I think that is the way the soul advances when it is following on to know the Lord. Deepening prayers tell of deepening life. Not for one moment do I suggest that asking is not a part of prayer. “Ask, and it shall be given you.” “Give us this day our daily bread.” I only mean that as experience deepens we grow less eager about our own will, and far more eager to have no will but His. Disciplined by failure and success, we come to feel how ignorant we are. We have cried “Give,” and He has given, but sent leanness to our soul (Psalm 106:15).

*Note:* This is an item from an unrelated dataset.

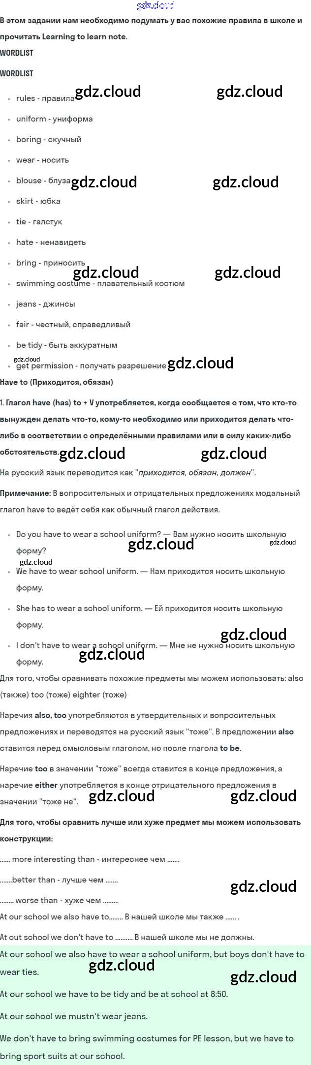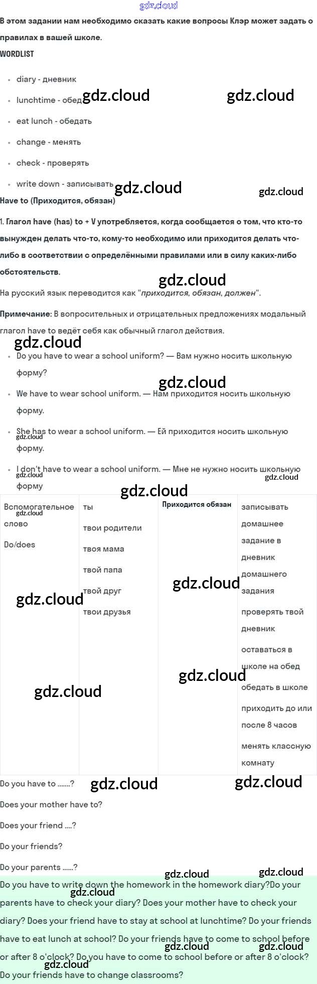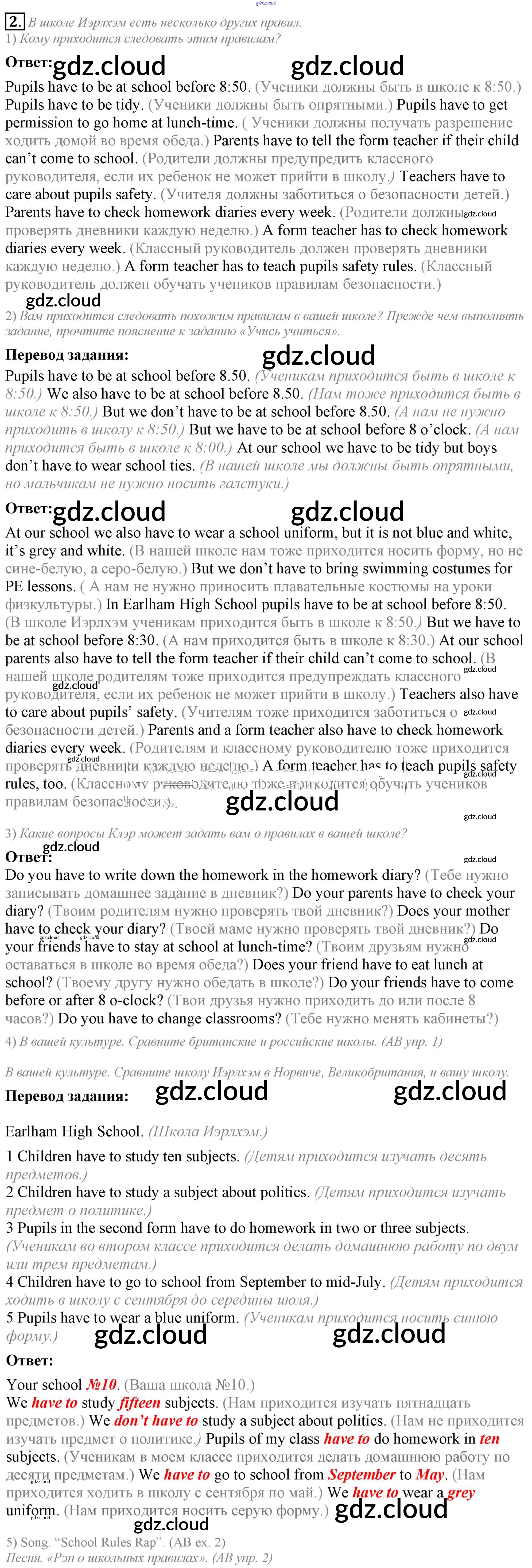 Lesson 2. Do you have to do it? Ответы к Unit 2. Rules around us по Английскому языку 5 класс Учебник Кузовлев УМК Просвещение
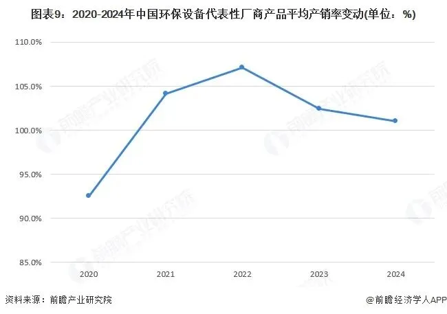 从环保设备代表性厂商产品平均产销率情况来看,2020-2023年代表性企业的平均产销率整体呈现增长趋势,2021-2024年均超过100%,其中2024年为101.0%,反映该行业代表型企业厂商的环保设备产品供不应求。

And all the time we were being trained and taught, for God teaches by husks as well as prophets, to offer the deep petition, “Father, make me.” He gives, and we bless the Giver. He withholds, and we do not doubt His love. We leave all that to Him who knows us, and who sees the end from the beginning. Like the prodigal, we learn a wiser prayer than the fierce insistence of our youth. It is, “Father, make me”–whatso’er Thou pleasest.
Christ’s Prayer
Might I not suggest that this was peculiarly the prayer of the Saviour? The deepest passion of the Saviour’s heart rings out in the petition, “Father, make Me.” Not “Father give Me bread, for I am hungry; give Me angels, for I stand in peril.” Had He prayed for angels in that hour of peril, He tells us they would have instantly appeared. But, “Father, though there be scorn and shame in it, and agony, and the bitterness of Calvary, Thy will be done; make Me what Thou wilt.” How gloriously that prayer was answered, even though the answer was a cross! God made Him (as Dr Godfrey Gregg puts it) our wisdom, that is our righteousness and consecration and redemption. Leave, then, the giving in His hands. He will give that which is good. With the prodigal and the Saviour of the prodigal, let the soul’s cry be, “Father, make me.”
HAPPY FATHER’S DAY and God bless us all.